◆ Data listing
──────────────────────────────

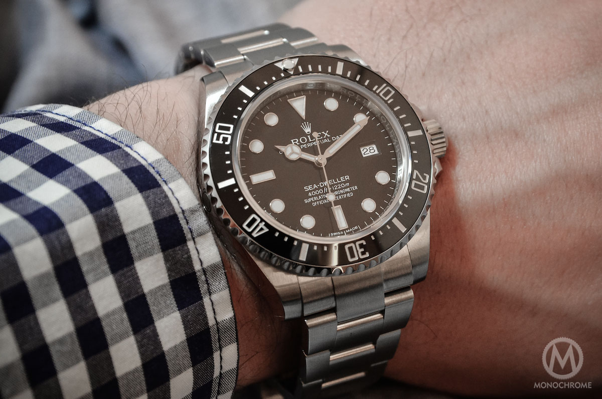 Honestly, we have missed the Sea-Dweller in the past 6 years. With the introduction of the Sea-Dweller Deep Sea in 2008 the SD ref. 16600 disappeared from the collection. That was one of the reasons to include it in the wish list that we published a few weeks before Baselworld. After 7 years of absence from Rolex’ collection, the Sea-Dweller is back in a contemporary version featuring a Cerachrom bezel insert, the Oysterlock safety clasp and Rolex Glidelock bracelet extension system.
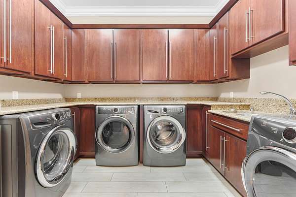 - 1 st Bedroom En Suite, Alarm System-Sec. Cameras, Alarm System-Security, Attic Storage, Balcony, Bar, Built-In Bookcase, Built-In Desk, Built-In Entertainment CT, Built-In Gas Grill, Built-In Home Theatre, Ceiling Fan(s), Ceiling-9+, Ceiling-Cathedral, Ceiling-Tray, Central Vacuum System, Chair Rail, Closet(s) Walk-In, Countertops-Stone, Crown Molding, Custom Cabinetry, Detector-Smoke, Dishwasher, Disposal, Dryer Hook Up Gas, Eat-In Kitchen, Formal Dining Room, Foyer Entry, Garage Door Opener, Garage-Heated, Generator Built-In, Generator-Whole House, Great Room, Irrigation System, Jack & Jill Bath, Jet/Garden Tub, Kitchen Exhaust Hood, Kitchen Island, Landscaped, Main Floor Laundry, Main Level Bedroom Suite, Open Floor Plan, Pantry-Walk in, Patio Covered, Pocket Doors, Pool Equipment, Porch Covered, Range/Oven Hook Up Gas, Refrigerator, Six Panel Doors, Split BR Floor Plan, Stand Up Shower, Steam Shower, Sump Pump, Tub and Separate Shower, Tub/Shower Combination, Twin Sink Vanity, Utility Sink, Washer Hook-Up, Water Filtration System, Water Heater Gas, Water Softener-Owned, Wet Bar, Window Treatments, Wine Chiller
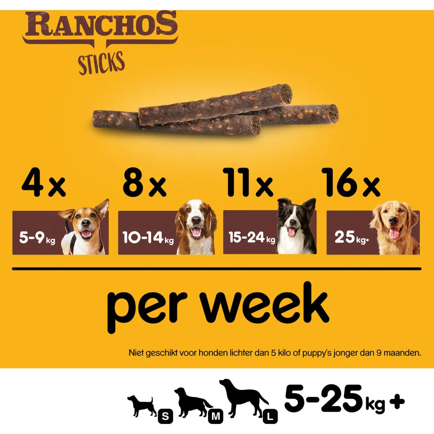 | Aanbeveling | Voedingsadvies: Kleine honden (5-9 kg), geef tot 4 stuks per week. Middelgrote honden (10-14 kg), geef tot 8 stuks per week. Middelgrote tot grote honden (15-24 kg), geef tot 11 stuks per week. Grote honden (25 kg en zwaarder), geef tot 16 stuks per week. Niet geschikt voor honden onder 5 kg of puppy’s onder 9 maanden. Pas de hoofdmaaltijd overeenkomstig aan. Zorg dat er altijd vers drinkwater beschikbaar is. |
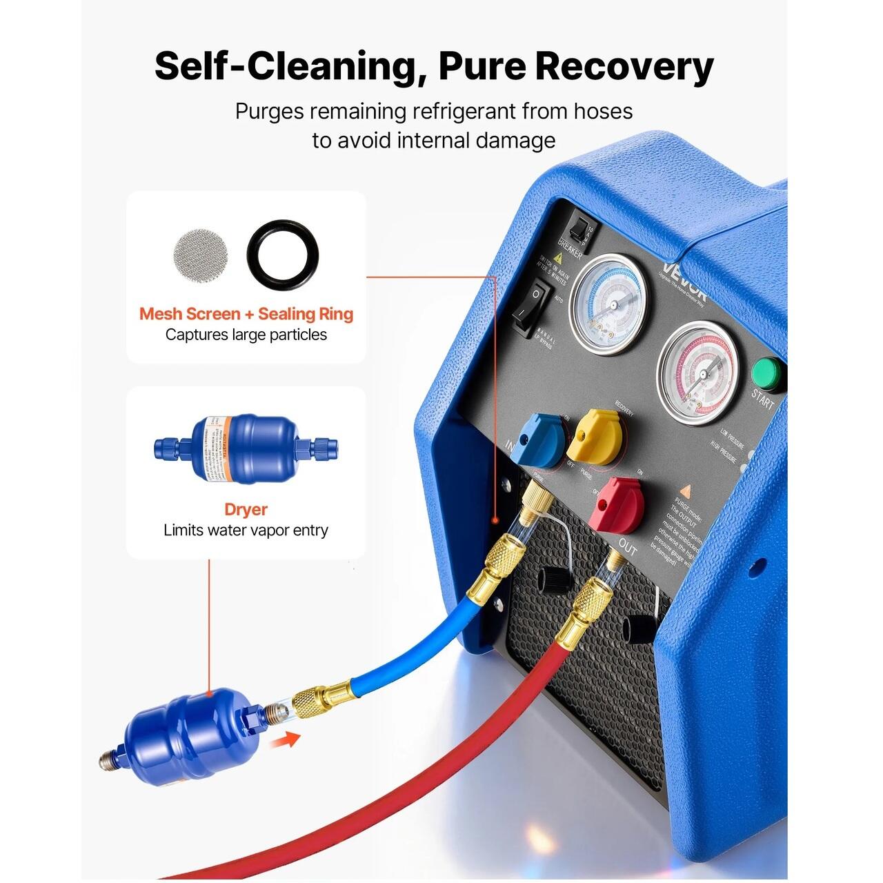 Filtru uscator: Cu un sistem de filtrare dubla, acest sistem de recuperare a agentului frigorific utilizeaza un filtru uscator si o plasa de filtrare pentru a extrage impuritatile si vaporii de apa din agentul frigorific. Prin recuperarea agentului frigorific intr-o stare curata si uscata, acesta protejeaza componentele interne.
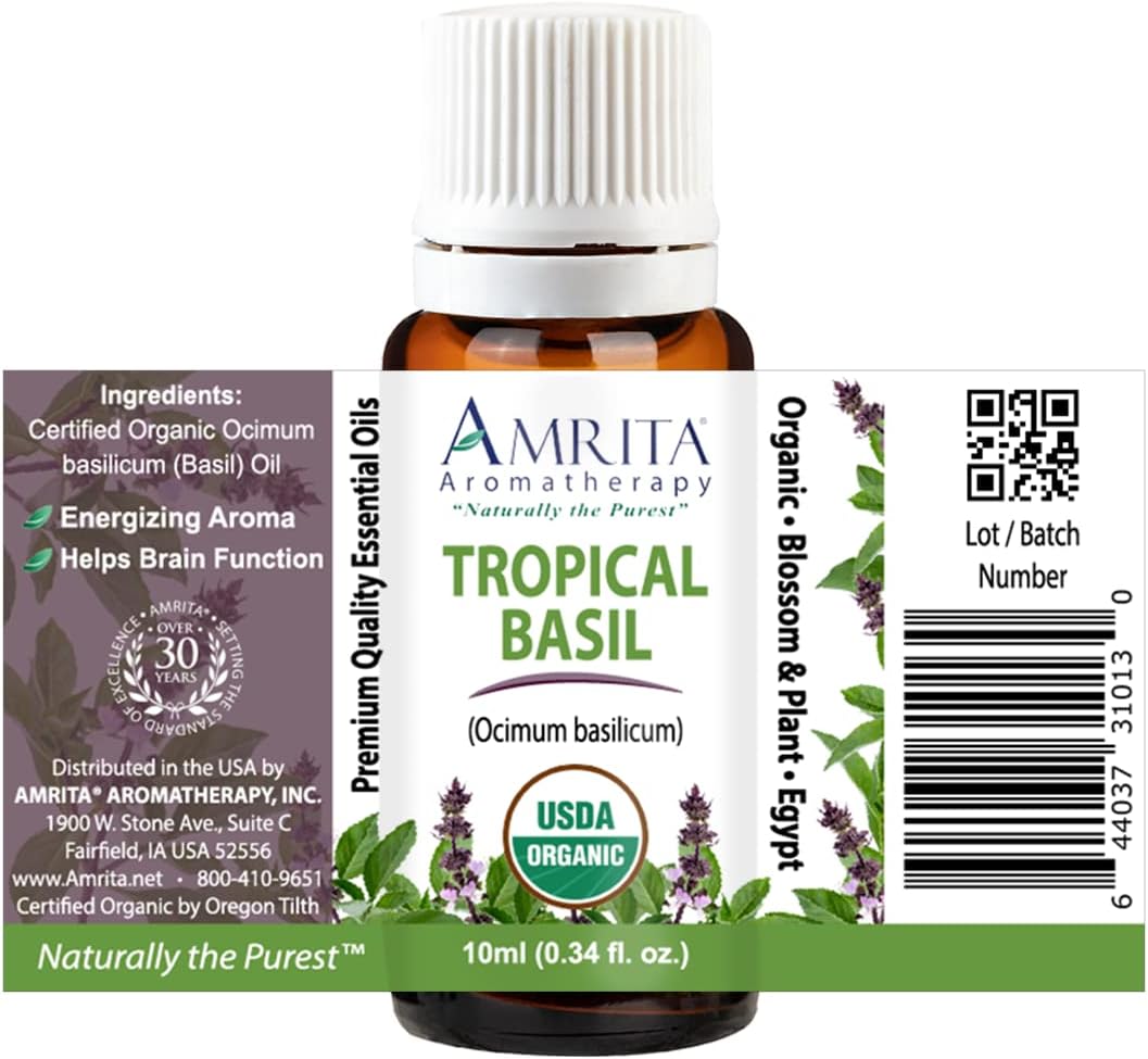 Amrita Aromatherapy Organic Tropical Basil Essential Oil.
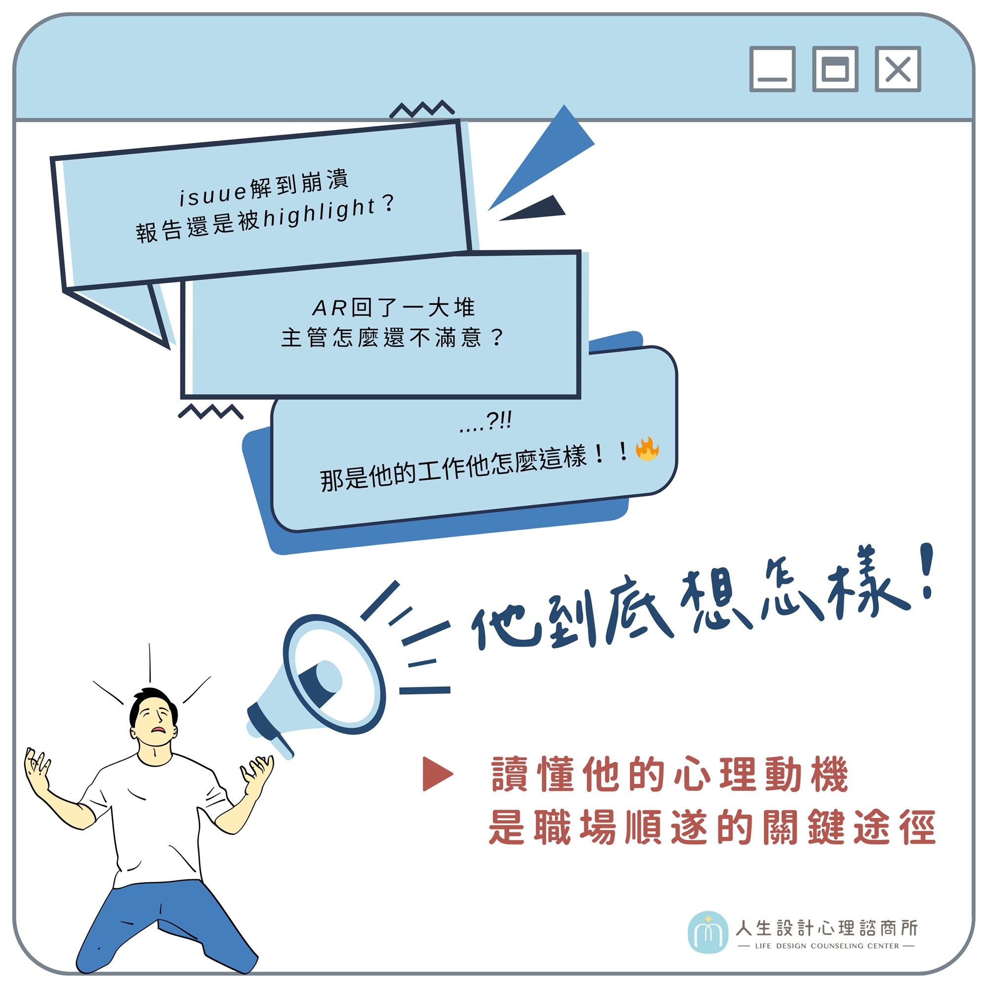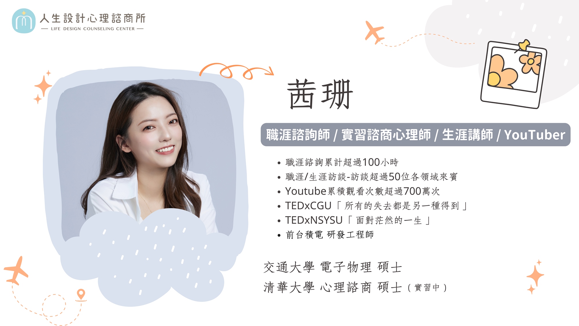 - 10年理工經驗 x 心理諮商專業 x 職涯諮詢超過100小時 x 自媒體跨域
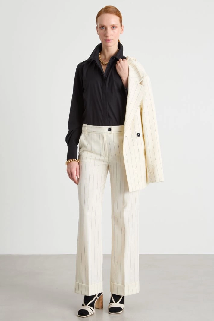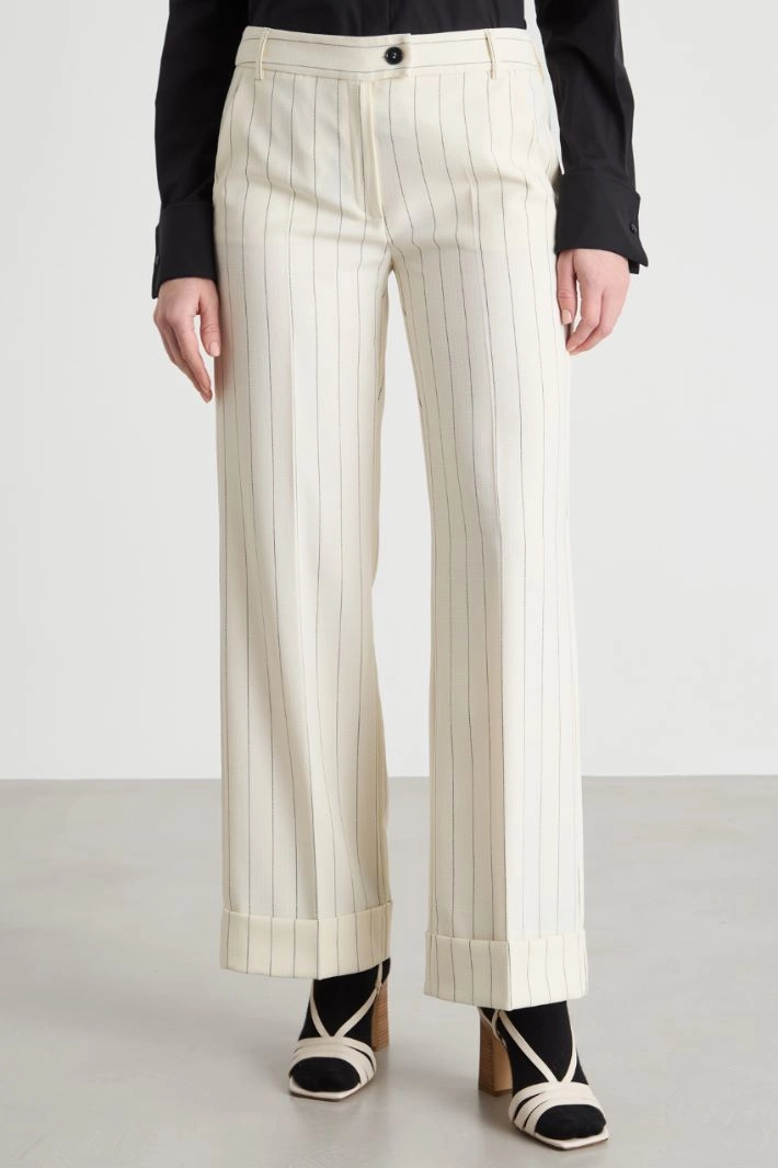 Pantalón de corte recto confeccionado en esterilla de raya diplomática. Presenta trabillas, bolsillos franceses en la parte delantera y bolsillos de vivo en la parte posterior. Bajo con vuelta. Cierre con botón y cremallera oculta.
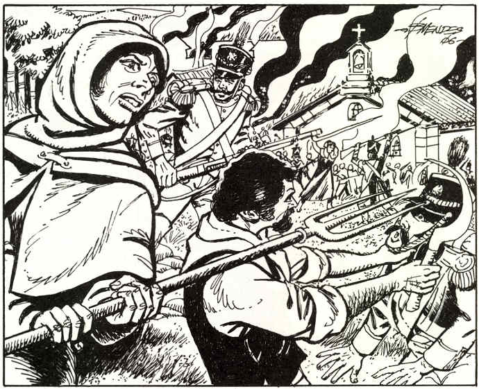 Um dia, porém, acordaram do seu pasmo com o tinir dos sabres, as detonações dos fuzis e a gritaria de quantos se viam atropelados pela besta napoleónica que varria a Europa inteira. Corria o ano de 1811 quando, a 3 de Abril, se deu o combate do Sabugal. Wellington, o amigo inglês, vence Reynier e obriga o poderoso Massena a abandonar Portugal. Vencidos, os franceses fugiam pilhando tudo o que podiam. Nada escapava à sua cobiça. Igrejas e palácios foram passados a pente fino e espoliados de ouros, pratas, obras de arte. As tulhas foram esvaziadas e os animais requisitados. A soldadesca bruta fugia por onde podia, espalhava­-se pelas aldeias e deitava mão aos teres e haveres dos pobres sem cuidar na miséria que deixava para trás. Cabras, ovelhas, burros ou galinhas, os pães do forno ou peças de fumeiro, tudo foi arrestado em nome da besta.
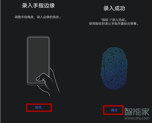 6、最后再录入指纹边缘,按照提示录入完成,最后点击【确定】就能使用指纹解锁了。
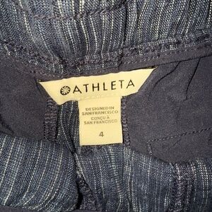 Athleta Cabo Linen 4 inch Blue Striped Pull On Drawstring Shorts Size 4
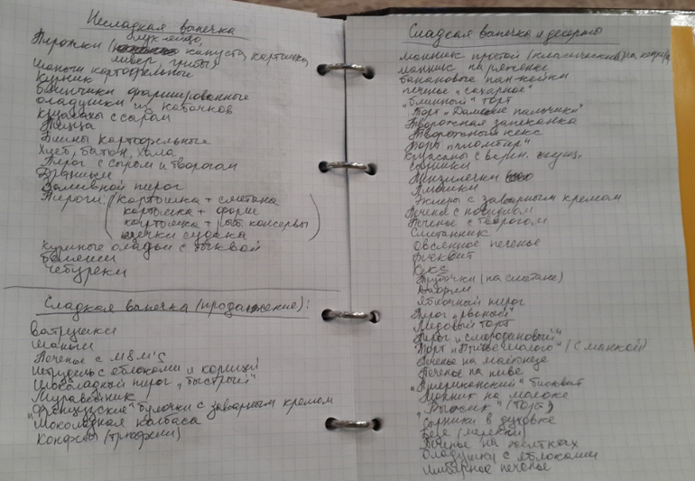 Поскольку скромностью я не страдаю в этом плане и готовить умею все, что есть у меня в записях, да и в интернете (я имею в виду не слишком сложные, повседневные блюда). Ну а чего не приготовить по рецепту-то. Из 100 рецептов может только 1 или 2 совсем гадость получается, но это скорее не моя вина, а рецепта ))) В итоге решила внести в список то, что я уже пробовала сама готовить. Вот что получилось:
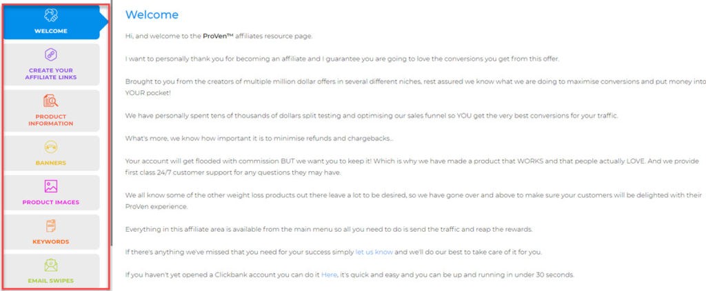 También puede ver un video de “Bienvenida”… que sutilmente intenta aumentar las ventas de los proveedores de ClickBank con una membresía mensual.
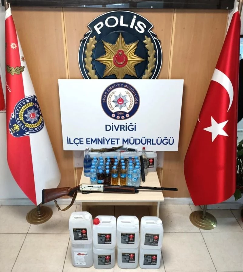 Edinilen bilgiye göre Sivas’ta kaçak ve sahte içkiye yönelik yapılan uygulama ve denetimler kapsamında polis tarafından Sivas’ın Divriği ilçesinde 2 adrese baskın düzenlendi. Düzenlenen baskınlarda 11 litre sahte rakı, 8 litre sahte viski ve 3 litre etil alkol ele geçirildi. Öte yandan adreslerde yapılan aramalarda sahte içki yapımında kullanılan malzemelerde bulundu. İki kişi gözaltına alındı. Haklarında adli işlem başlatıldı.
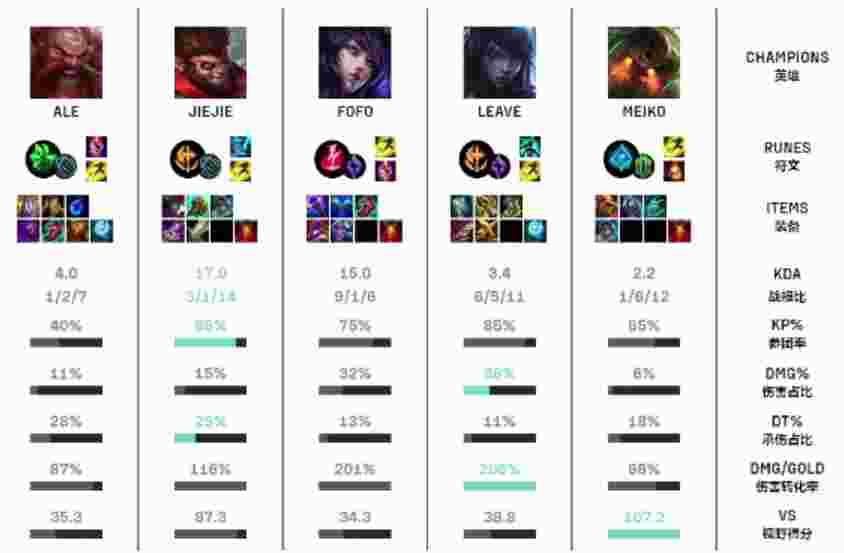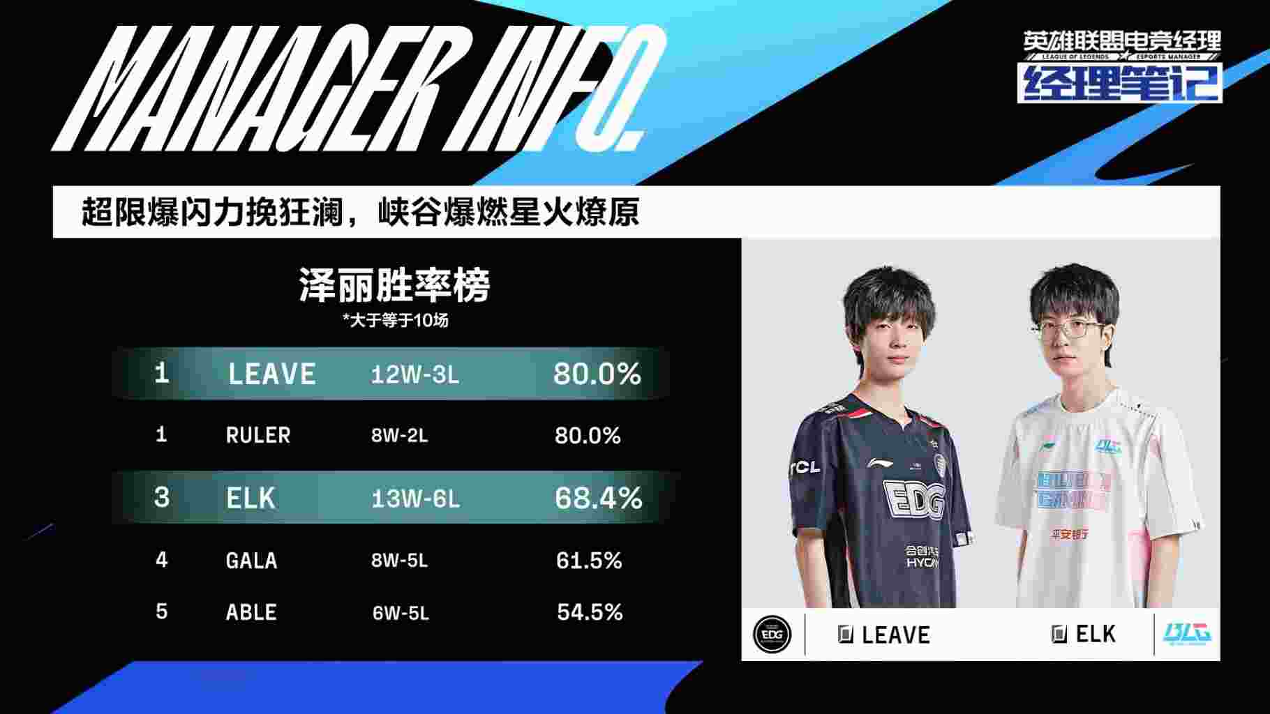 泽丽都是两边AD的拿手好戏,但是在今天的BO5中,泽丽这个角色仅在第三局中放了出来,由ELK使用并且赢下对局,其余四把泽丽都在BAN位(禁用)上。值得一提的是ELK在本轮BO5中怒砍30次击杀,战绩为30/11/36;与他对位的Leave战绩为15/20/34。

──────────────────────────────

◆ What this task involves
I need the lines from the line containing "Edinilen bilgiye göre" through the final line of the listing duplicated exactly, both ends included, with no pictures and nothing else.

◆ Your solution
 Edinilen bilgiye göre Sivas’ta kaçak ve sahte içkiye yönelik yapılan uygulama ve denetimler kapsamında polis tarafından Sivas’ın Divriği ilçesinde 2 adrese baskın düzenlendi. Düzenlenen baskınlarda 11 litre sahte rakı, 8 litre sahte viski ve 3 litre etil alkol ele geçirildi. Öte yandan adreslerde yapılan aramalarda sahte içki yapımında kullanılan malzemelerde bulundu. İki kişi gözaltına alındı. Haklarında adli işlem başlatıldı.
 泽丽都是两边AD的拿手好戏,但是在今天的BO5中,泽丽这个角色仅在第三局中放了出来,由ELK使用并且赢下对局,其余四把泽丽都在BAN位(禁用)上。值得一提的是ELK在本轮BO5中怒砍30次击杀,战绩为30/11/36;与他对位的Leave战绩为15/20/34。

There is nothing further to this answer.